Like it tries, okay, I'm going to build this example thing.
Okay, why did it fail?
What did I learn from it failed doing this?
And it goes and goes and goes and goes and maybe it writes, I don't know,
20 different programs, trying to find all the edges, all the new ones.
And once it has all that, then it creates the actual Noster deviation that that guy has compiled
all the expertise from actually using the thing.
So to me, this type of agent is like I don't go out and say, I want a writer for like a
reporter.
Like I have a marketing team in many of my projects.
But I don't go and say, okay, one of the guys has to be in charge of market research.
And another guy has to be in charge of writing for.
for stakeholders.
Like, it decides, okay, the idea is put this in the forefront of the target audience.
What do we need to do?
Is it more video?
So then it starts finding APIs to be able to create videos.
So it creates a script writer that will create the script of how would the video look
like a 30 second video, for example, another thing that you would totally delegate.
Pablo, why do you need that extra layer?
Like, what's the benefit of having this extra layer of an agent that's creating other agents?
It's like, why can't the one agent just go out and do all that research to learn what the best way is to implement this database tool and then just do it from there?
Because when you start the agent, you start the definition from something, right?
It might be that what you assumed from my complete lack of knowledge of how this one thing works, marketing, for example, or NosterDB, how it works.
It's just that it's wrong the way I phrase it.
And the workflow, and agents work really well within workflows, because they forget to do things, they skip steps and stuff like that.
So workflows are phenomenal.
Workflows are really, really, really good because this is the Asian in charge of executing this recipe, right?
Pablo, doesn't some of that come down to just the context window, the number of tokens that can be input and output for each one of those context windows as to why you need multiple agents?
But I think the question that he's getting at is a different question.
not so much why you need different nations.
Why can't you just tell you are an authority of the expert?
Because you're getting basically the weights of the entire model as opposed to like zooming
into where that level of intelligence is actually at inside of the giant model.
Is that what it is?
The thing is that the workflow of trying to like researching online, trying to use the library,
failing, try to understand why you fail.
Like all that is itself a workflow.
And it's a workflow that doesn't fit into the Nosterdiv.
The Noster Deviation should not have research the web on how NosterDV works.
It should know how NosterDV works.
So, like, that workflow of trial and error,
it doesn't belong within the context, within the role of the Noster Deviation.
It belongs into the role of an agent because I can do the exact same workflow
and create an agent that is an expert on whatever, leave signal,
or lip Bitcoin or any other library.
I think we're getting at it as like, okay, if I think I need somebody who's doing a reusable
task that requires specific expertise, then you're going to create this agent that persists.
Like, if you're just talking to a single agent, they can spin up these subagents that
are temporary in nature, that die as soon as they bring the answer back to the main agent
that they have been asked to go out and figure out.
And that, to your question, to your question, Preston, like, that gets the context of that
actual task and what's going on out of the main context window.
And then that context dies with that sub-agent so that you're not polluting the regular
context or the main conversation that you're having.
Yeah, but I think that's a massive mistake that Cloud Code and Codex and a bunch of these
people have done.
And I think they're going back on it because I saw.
one comment where I think they're going to add this future, where you can restart a conversation
from one of the Savations, which to me is absolutely insane.

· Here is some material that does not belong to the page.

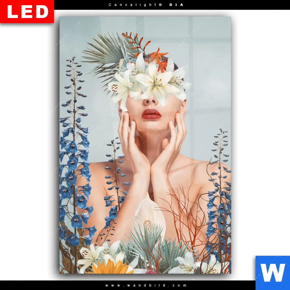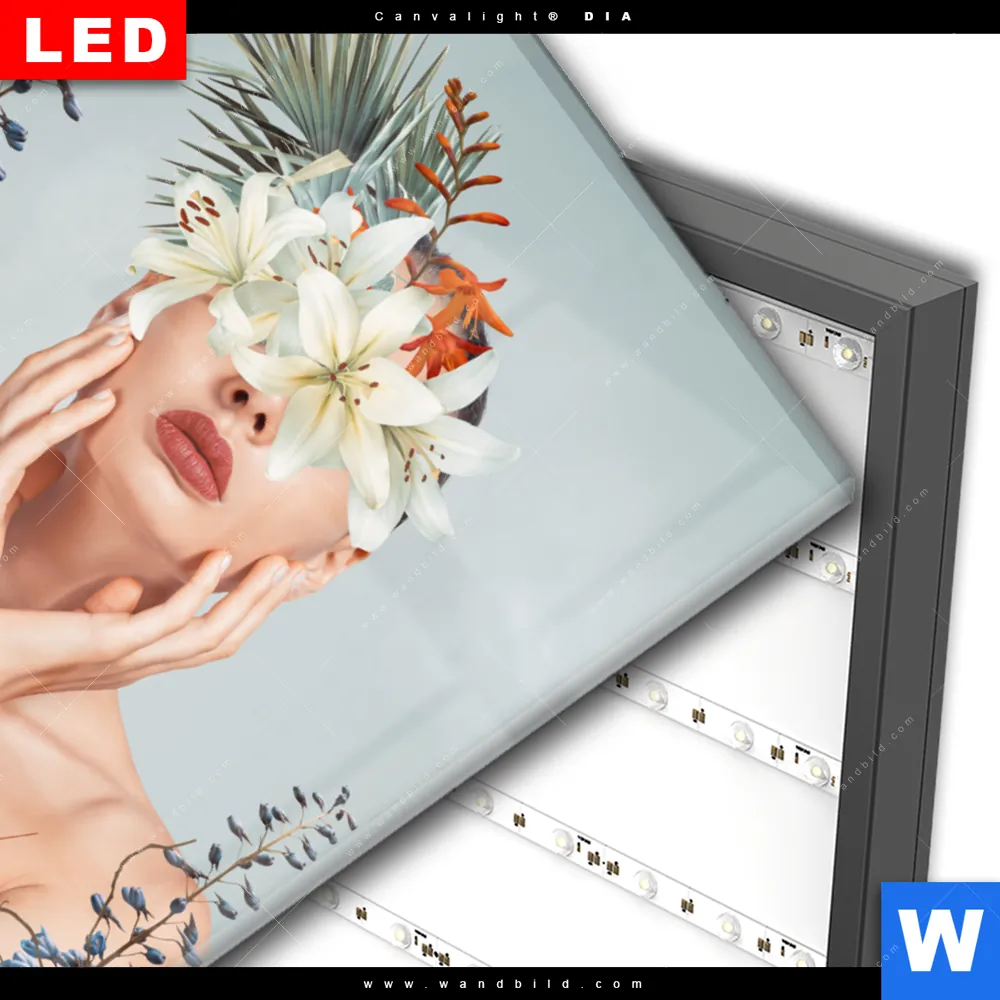 Wechselmotiv Acrylglas Canvalight® DIA | Frauenportrait mit Blumen | Hochformat

Like an agent created all these tokens
and it worked to get to this result. The result is important. But the way it got to the result is
absolutely important. Like imagine if you never learned from how do I park. Okay, no, you were
able to park. But I mean, yeah, in my mind, that's like, okay, go get me the answer and tell me how
you got the answer. And then I'm going to put this in my memory bank. Yeah, it's almost like the
skills, like on Claude, you can create a skill. So like the how is really kind of the skill,
which is a compression of that entire process and workflow that it took to figure out the skill,
if you will. You think that that's kind of the solution long term, Pablo?

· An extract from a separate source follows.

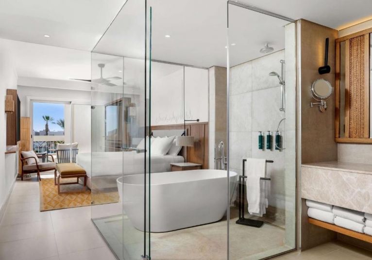 На територията на хотела: Хотелът е уникално проектиран с две отделни зони, крайбрежна и планинска, всяка от които включва различни съоражения и удобства. Предлага разнообразна гама от 11 заведения за хранене и напитки, включително 2 основни ресторанта, 2 ресторанта а ла карт - азиатски и средиземноморски, както и 7 бара, включително нощен клуб и бар само за възрастни, 4 басейна (2 отопляеми), плажни барове, детски клуб, фитнес зала и СПА център както и развлекателни програми.

No, to me, to me you want to specialize. I think we're going to repeat exactly the same thing
we're repeated with humans, specialization, specialization, specialization. If you have
10 millions instructions from how to extract graphite and how to build rubber and how to extract,
how to build, I'm going for the pencil analogy, by the way.
Like you have millions and millions of instructions, or you could have an economy where you could say,
okay, this is the team that is extracting graphite, this is the team that is creating paint,
this is the team that is planting trees, this is the team that is extracting.
Like you have economies that are able, and again, it's the pencil analogy.
But not everybody has to understand the whole system.
A very, very, very good example that I have suffered.
And millions and millions and millions of other developers have suffered is cloud code and a lot of
these agents will screw up your Git commits.
They will say, oh, I have a merge, a merge conflict.
Oh, let me just delete everything that was there and start it over.
It's like, oh, is that the right decision?
That is obviously never the right decision ever.
It's just your context window got confused and you made a catastrophic mistake that has no
rollbacks.
You lost all the work.
And that's because it does have instructions on how to use Git.
It knows how to use Git.
It does very fancy things with Git.
And Git is very complicated.
It does very fancy things with Git.
But every once it, I mean, often, it just goes off the rails and it destroys a bunch of
important work.
Whereas if you have an agent that all it does is commit, its context window is like 10,000
tokens.
so simple. It never makes mistakes because...
I don't understand that terminology that when you said it, all it does is commit. What do you mean by
that? So, Megitation has, I think the workflow for committing is when the...
Oh, you're saying... You're saying committing it into GitHub.
The PM says, yeah, yeah, I'm committing to you. The PM says, okay, the execution,
there was a plan, the execution orchestrator, there was some testing, there was blah, blah, blah,
everybody signed off. The work is complete. We had complete confidence that this is good.
We should commit it. Instead of committing itself or having code commit, it goes to the Git agent
that has a very strict set of rules of how to, okay, there are conflicts, there is that.
It's QC check. Yeah. And it does, okay, this goes, this goes, this goes, this goes, this goes.
And it knows exactly how to navigate every single, because there aren't that many edge cases.
You have like a merged conflict. You have your origin is out of date. Like, there are a few
issues, but if there is not like a strict guidance on how to navigate those issues, you are back
to the non-deterministic nature of the LLMs, especially when the context window is large, where they're
just delete your work, whatever. Oh, it's clean now. I just deleted everything. So that's why I mean
like the localization of the knowledge, the localization of the experience, because at some point,
the Git agent might learn some. So for example, one of the things that I told it recently is I want
the Git commit that goes into GitHub to, to,
reference the conversation ID, like the event ID of Noster, where all this work was done.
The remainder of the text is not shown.